N/A. This mechanism signals anticipated overload, not actual
overload. However the signals in this mechanism are not used for any
other purpose.
REQ 7: The mechanism shall provide a way for an element to
throttle the amount of traffic it receives from an upstream
element. This throttling shall be graded so that it is not all-
or-nothing as with the current 503 mechanism. This recognizes the
fact that "overload" is not a binary state and that there are
degrees of overload.
Yes. This event package allows rate/loss/window-based overload
control options as discussed in Section 7.4.
REQ 8: The mechanism shall ensure that, when a request was not
processed successfully due to overload (or failure) of a
downstream element, the request will not be retried on another
element that is also overloaded or whose status is unknown. This
requirement derives from REQ 1.
N/A to the load control event package mechanism itself.
REQ 9: That a request has been rejected from an overloaded element
shall not unduly restrict the ability of that request to be
submitted to and processed by an element that is not overloaded.

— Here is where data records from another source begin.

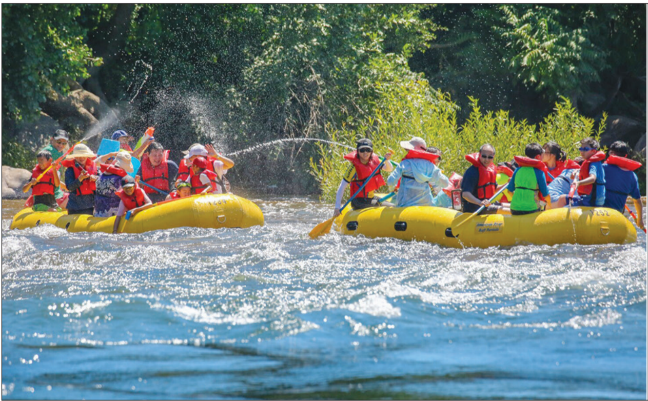
Rafting on the American River is a classic summer tradition. American River Raft Rentals at 11257 S. Bridge St. has offered self-guided floats since the 1970s.

Use Kayaks, Rafts to Get on the Water this Summer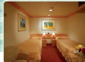
INTERIOR STATEROOM 4B - Riviera Deck $795 4C - Main Deck $815 4D - Upper Deck $845

Special pre-cruise hotel accommodations are also available in Mobile, AL. Complete details will be listed on your cruise receipt, or you can call Sandy at Interworld Travel at 1-800-993-8785, or you can also visit our website, www.gospeljubileecruise.com for all the information on hotels, booking, groups, etc. Get ready to have the time of your life on the Gospel Jubilee Cruise!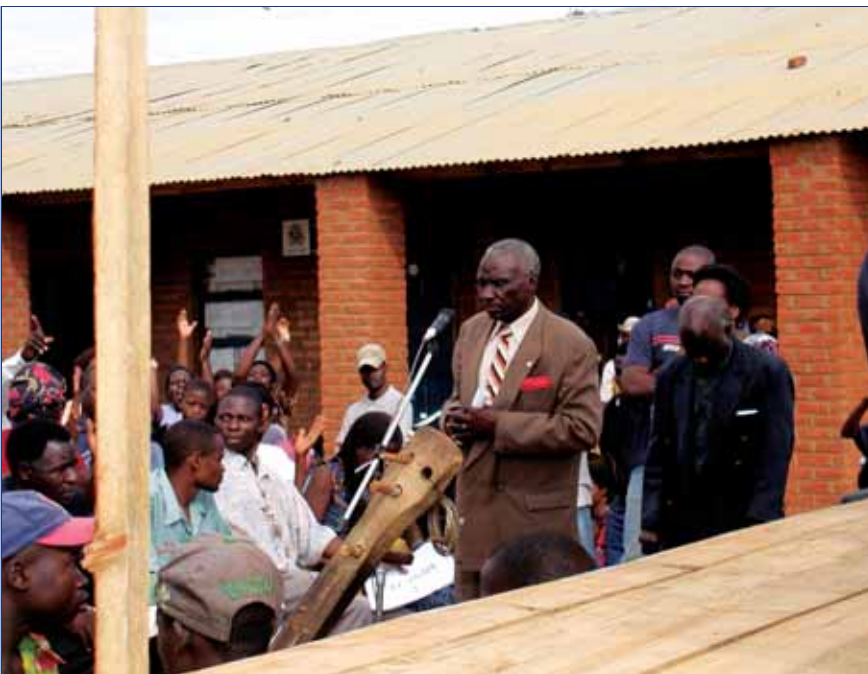
Malawi: Holding Special “Days of Social Encounter”

In Malawi, one legislator holds “Days of Social Encounter” eight times a year in different locations within his constituency. The legislator invites traditional leaders, religious leaders, and the general public for traditional dances, football, food and informal public meetings. This allows the legislator to interact with his constituents in a fun, relaxed context yet still hear the concerns of the people and maintain contact with important local leaders.

This requirement derives from REQ 1.
Yes. For example, load filtering policy [Section 5.1] allows the
inclusion of alternative forwarding destinations for rejected
requests.
REQ 10: The mechanism should support servers that receive requests
from a large number of different upstream elements, where the set
of upstream elements is not enumerable.
No. Because this mechanism requires advance configuration of
specifically identified neighbors, it does not support environments
where the number and identity of the upstream neighbors are not known
in advance. In order to satisfy Req 10, it should be used in
conjunction with other mechanisms.
REQ 11: The mechanism should support servers that receive requests
from a finite set of upstream elements, where the set of upstream
elements is enumerable.
Yes. See also answer to REQ 10.
Shen, et al. Expires July 5, 2013 [Page 32]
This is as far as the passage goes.